- [About this task]
Below is a listing with pictures in it. Copy it exactly without them.

- [Data below]
□ □ □ □

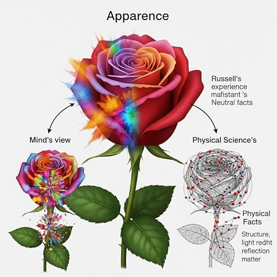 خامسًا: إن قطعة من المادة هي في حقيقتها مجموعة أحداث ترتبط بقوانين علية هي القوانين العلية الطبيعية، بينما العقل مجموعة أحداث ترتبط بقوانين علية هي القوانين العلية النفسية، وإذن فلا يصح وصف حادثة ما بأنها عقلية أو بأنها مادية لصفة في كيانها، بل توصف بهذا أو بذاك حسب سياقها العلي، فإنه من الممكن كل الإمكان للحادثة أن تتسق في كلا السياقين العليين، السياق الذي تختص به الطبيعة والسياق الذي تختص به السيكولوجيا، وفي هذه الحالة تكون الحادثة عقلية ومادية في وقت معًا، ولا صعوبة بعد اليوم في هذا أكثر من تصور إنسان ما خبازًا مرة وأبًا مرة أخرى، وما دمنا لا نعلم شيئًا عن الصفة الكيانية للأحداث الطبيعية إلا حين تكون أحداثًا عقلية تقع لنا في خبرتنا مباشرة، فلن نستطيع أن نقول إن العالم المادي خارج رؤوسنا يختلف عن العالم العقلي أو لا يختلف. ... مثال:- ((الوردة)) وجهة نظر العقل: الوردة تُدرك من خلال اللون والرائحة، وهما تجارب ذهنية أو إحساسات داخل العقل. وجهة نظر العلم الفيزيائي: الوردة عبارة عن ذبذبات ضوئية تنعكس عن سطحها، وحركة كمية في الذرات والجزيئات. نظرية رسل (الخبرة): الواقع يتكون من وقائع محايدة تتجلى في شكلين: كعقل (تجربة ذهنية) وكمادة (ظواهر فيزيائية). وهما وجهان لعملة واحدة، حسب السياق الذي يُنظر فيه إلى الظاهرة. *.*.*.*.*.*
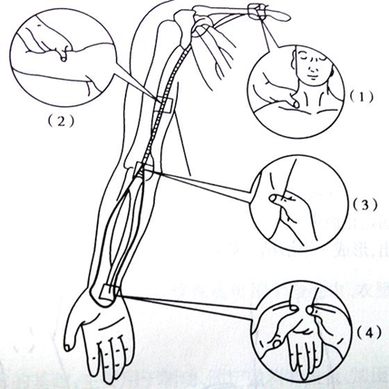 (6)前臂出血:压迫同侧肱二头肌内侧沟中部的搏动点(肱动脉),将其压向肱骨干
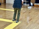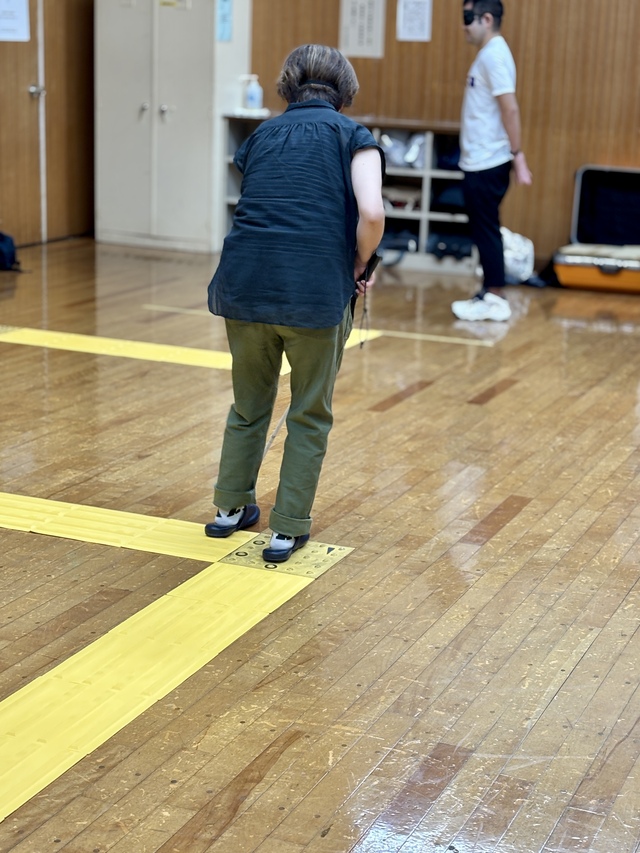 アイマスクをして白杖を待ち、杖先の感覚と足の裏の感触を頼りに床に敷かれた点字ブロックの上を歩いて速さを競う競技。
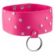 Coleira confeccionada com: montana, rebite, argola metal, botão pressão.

□ □ □ □

- [Output of the exercise]
 خامسًا: إن قطعة من المادة هي في حقيقتها مجموعة أحداث ترتبط بقوانين علية هي القوانين العلية الطبيعية، بينما العقل مجموعة أحداث ترتبط بقوانين علية هي القوانين العلية النفسية، وإذن فلا يصح وصف حادثة ما بأنها عقلية أو بأنها مادية لصفة في كيانها، بل توصف بهذا أو بذاك حسب سياقها العلي، فإنه من الممكن كل الإمكان للحادثة أن تتسق في كلا السياقين العليين، السياق الذي تختص به الطبيعة والسياق الذي تختص به السيكولوجيا، وفي هذه الحالة تكون الحادثة عقلية ومادية في وقت معًا، ولا صعوبة بعد اليوم في هذا أكثر من تصور إنسان ما خبازًا مرة وأبًا مرة أخرى، وما دمنا لا نعلم شيئًا عن الصفة الكيانية للأحداث الطبيعية إلا حين تكون أحداثًا عقلية تقع لنا في خبرتنا مباشرة، فلن نستطيع أن نقول إن العالم المادي خارج رؤوسنا يختلف عن العالم العقلي أو لا يختلف. ... مثال:- ((الوردة)) وجهة نظر العقل: الوردة تُدرك من خلال اللون والرائحة، وهما تجارب ذهنية أو إحساسات داخل العقل. وجهة نظر العلم الفيزيائي: الوردة عبارة عن ذبذبات ضوئية تنعكس عن سطحها، وحركة كمية في الذرات والجزيئات. نظرية رسل (الخبرة): الواقع يتكون من وقائع محايدة تتجلى في شكلين: كعقل (تجربة ذهنية) وكمادة (ظواهر فيزيائية). وهما وجهان لعملة واحدة، حسب السياق الذي يُنظر فيه إلى الظاهرة. *.*.*.*.*.*
 (6)前臂出血:压迫同侧肱二头肌内侧沟中部的搏动点(肱动脉),将其压向肱骨干
 アイマスクをして白杖を待ち、杖先の感覚と足の裏の感触を頼りに床に敷かれた点字ブロックの上を歩いて速さを競う競技。
 Coleira confeccionada com: montana, rebite, argola metal, botão pressão.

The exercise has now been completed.